A 24-year-old man died at the Electric Daisy Carnival overnight Saturday, police say.

Of 408 medical calls reported from day two of the three-day carnival, seven people were transported to area hospitals and one person died just before 4 a.m., Metro wrote in a statistical summary Sunday morning.

The report shows 35 arrests were made between 6 p.m. Saturday and 6 a.m. Sunday: 26 narcotics-related felony arrests; five misdemeanor arrests; and one arrest for driving under the influence.

“I’d hate to have another tragedy,” Clark County Fire Chief Jon Klassen told the Review-Journal.

The department is not directly responsible for medical care inside the venue at the Las Vegas Motor Speedway, but is on stand-by in parking and surrounding areas, Klassen said, “should there be something of significance.”

Any combination of drugs and/or alcohol and extreme temperatures can have devastating effects, Klassen warned. The carnival’s safety theme remains: “stay hydrated.”

The Clark County coroner’s office will release the identity of the deceased after their family has been notified. The cause and manner of death has not yet been determined, and toxicology tests take several weeks.

“We extend our deepest condolences to the family and friends of the man who passed away. The health and safety of our fans is Insomniac’s first priority and we take every measure to create a safe environment,” Insomniac Productions, festival organizers, said in a prepared statement. “While the cause of this tragedy will take some time to determine, we ask that you keep his loved ones in your thoughts and prayers.
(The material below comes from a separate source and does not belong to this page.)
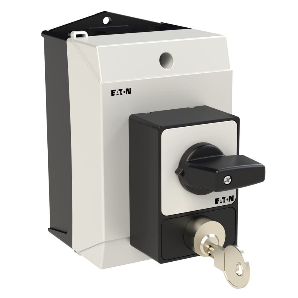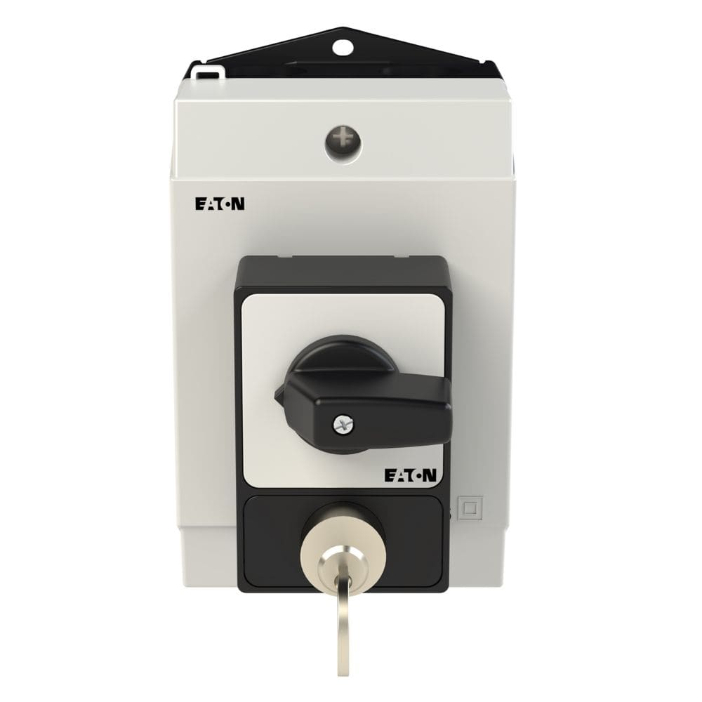 EATON INDUSTRIES - Interruttore antipanico T0-2-1/I1, 20A, custodia, 3 poli, leva nera, targhetta frontale, blocco con serratura a cilindro SVA.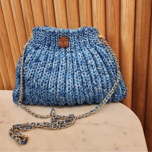 One of a kind handmade. Stylish and versatile blue woven bag with a chic chain strap. Perfect for any occasion.

Tonight and every night, we ask all of our fans to take care of themselves and one another.”

Sunday’s attendees will face similar dangers from the extreme weather.

Though high temperatures peaked hours before each of the three EDC start times, conditions were hot enough for the National Weather Service to issue an excessive heat warning for the valley through the weekend.

Sunday’s high reached 109 degrees, meteorologist Dan Berc said, and had just cooled three degrees around 7 p.m. — the scheduled start of EDC Las Vegas’ last hurrah of 2015.

Conditions should still be in the mid 90s after midnight, Berc said. The official measurement for the valley comes from an official weather service station at McCarran International Airport, about 20 miles south of the speedway.

As the flood gates are released after the festival ends at 5:30 a.m., temperatures should be in the low 80s, Berc said, showing mercy to those waiting in the parking lot that Interstate 15 will inevitably become. In past years, commuters on the highway have encounter heavy traffic from attendees going back home.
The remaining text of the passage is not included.